Perhaps day two was the most challenging day that we faced--not so much physically since we walked about 4 miles less, but definitely mentally. The first day, we had the excitement of starting the journey. The last day, we knew we were heading home. The middle day was just that: the middle. We were sore and tired from the previous day. Many of the ladies had blisters that troubled them. The journey wouldn't end today, and there needed to be a reason to continue. There needed to be something that would drive us to endure the in between.
I visited with the ladies before we started. (Yes, at this point, I was the only one representing the male of the species. The other men dropped out.) I told them I figured this to be the hardest day because it was the middle, and I said, "We can approach this a couple of ways.

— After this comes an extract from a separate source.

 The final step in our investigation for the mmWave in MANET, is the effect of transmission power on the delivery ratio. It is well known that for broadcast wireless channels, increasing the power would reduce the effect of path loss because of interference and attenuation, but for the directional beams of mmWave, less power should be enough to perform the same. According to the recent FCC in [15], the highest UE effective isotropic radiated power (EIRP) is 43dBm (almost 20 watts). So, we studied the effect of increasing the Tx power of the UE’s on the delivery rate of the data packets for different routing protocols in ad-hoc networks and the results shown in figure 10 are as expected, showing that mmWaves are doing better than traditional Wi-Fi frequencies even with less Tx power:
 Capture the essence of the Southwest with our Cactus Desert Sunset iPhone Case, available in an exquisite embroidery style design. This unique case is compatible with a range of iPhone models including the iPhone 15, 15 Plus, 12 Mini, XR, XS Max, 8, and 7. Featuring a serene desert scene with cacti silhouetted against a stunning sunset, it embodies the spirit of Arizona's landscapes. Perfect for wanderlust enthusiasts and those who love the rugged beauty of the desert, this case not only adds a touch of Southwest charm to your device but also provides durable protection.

One, we can simply try to press on and endure, or, two, we can take our time and enjoy the journey." I think we ended up doing a little bit of both; part by choice, and part by accident.

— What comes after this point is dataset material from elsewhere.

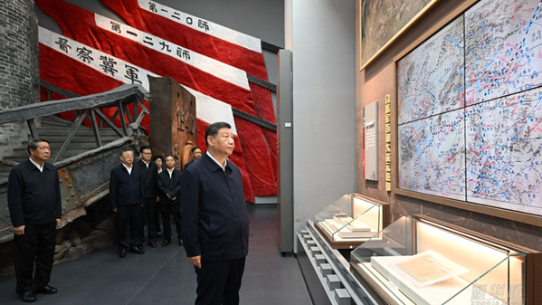 Xi Jinping złożył wieniec na pomniku męczenników Chińskiej Wojny Ludowej Oporu przeciwko Japońskiej Agresji w Yangquan, w prowincji Shanxi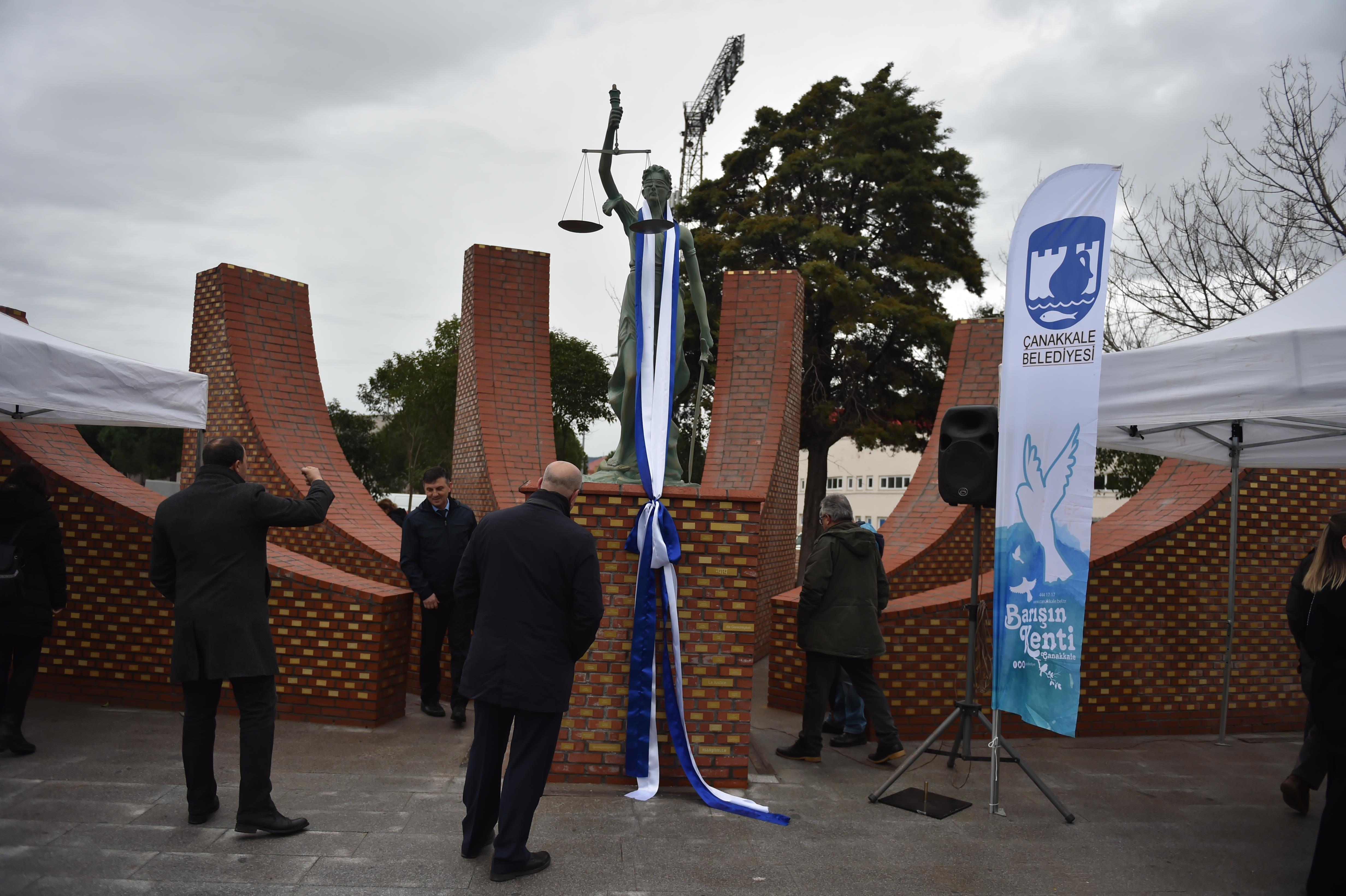 18 Mart Stadyumunun hemen yanında yer alan ve halk arasında ‘üçgen park' olarak bilinen alanda düzenleme ve peyzaj çalışmaları tamamlanan Adalet Meydanı ve Adalet Heykeli 24 Ocak 2019 Perşembe günü düzenlenen törenle açıldı.

We began the day from the same place we ended the night before: Phillipsburg. The ladies the previous evening had informed me of a route to our next destination which would keep us from having to travel down SH 36. I had driven it the night before, and it looked promising: back roads with little to no traffic. It was very different than heading down a highway. Perfect.

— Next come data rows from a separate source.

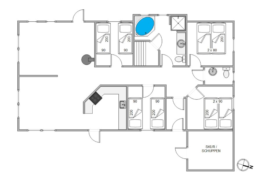 Sommerhuset kan huse op til 8 personer, der kan fordele sig på 4 værelser, hvor 2 af værelserne er med dobbeltseng og de sidste 2 værelser er med 2 enkeltsenge. For at passe til resten af husets størrelse, er sommerhuset udstyret med et stort badeværelse og et ekstra gæstetoilet – Så undgår I de alt for lange køer på morgenerne. Det ene badeværelse gemmer også på nogle dejlige overraskelser. Her finder I nemlig både et spabad og en sauna, så her kan I virkelig nyde ferien og tage et smut i “hjemmewellness”.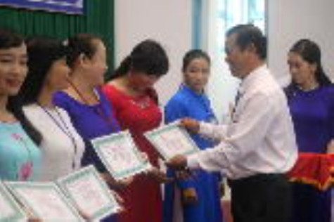 Thầy Nguyễn Hữu Hạnh, Hiệu trưởng trường CĐYT Cà Mau tặng giấy khen cho 6 giáo viên dạy giỏi cấp trường.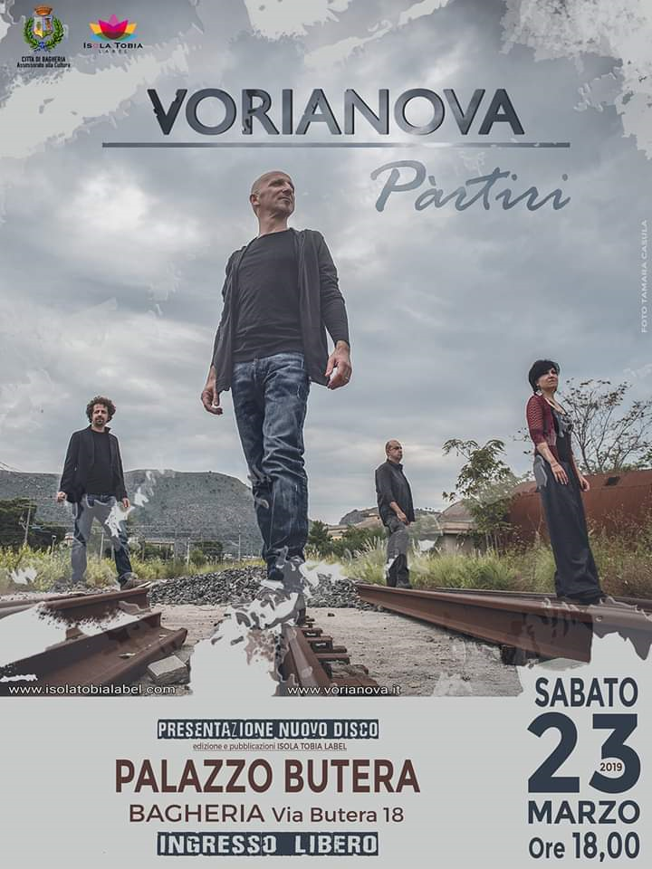 Si terrà Sabato 23 marzo alle ore 18 a Palazzo Butera a Bagheria il concerto di presentazione del nuovo lavoro discografico dei Vorianova, “Pàrtiri”, pubblicato e distribuito dalla casa discografica toscana Isola Tobia Label di Carlo Mercadante.

One small problem: I didn't know it as well as the rest of the route. During the planning of the walk, I had driven the rest of the route four or five times. I knew it very well. This route had been roughly sketched the night before and driven while I was fatigued. Can you say trouble coming?
Well, luckily, the trouble only lasted about a quarter of a mile. At an intersection, I turned right instead of left. By the time I realized my mistake, we had almost topped a hill. Believe me, I received my share of grief for having taken that turn. The whole thing about guys not asking directions or looking at maps came up, and I knew better than respond due to the face I was out numbered 9 to 1. It didn't help that we had one of our ladies limping pretty badly with a severe case of blisters--more on that case later in a special post.
Fortunately, that was the only turn I missed badly. We arrived at Salem Lutheran Church in Brenham for a snack. The initial leg of this journey had taken a little longer than I anticipated, so we also ate our lunch at the church.
The next leg had me a little worried as we would travel down FM 109. This stretch of road between Brenham and Industry can be very busy, and there is little to no shoulder. I was glad we had our tractor following us to slow traffic down and provide a buffer. No longer would we be able to walk several abreast and string out--we would have to close it up and walk in pairs.
Initially, we had no issues. Traffic backed up a couple of times, but we made steady progress. Our next scheduled stop would be Salem Lutheran Church in the little community of Welcome. It was approximately a mile and a half before we ran into our first and only bit of trouble during the journey, and it came in the form of a Washington County Sheriff's Department deputy. He pulled out tractor over.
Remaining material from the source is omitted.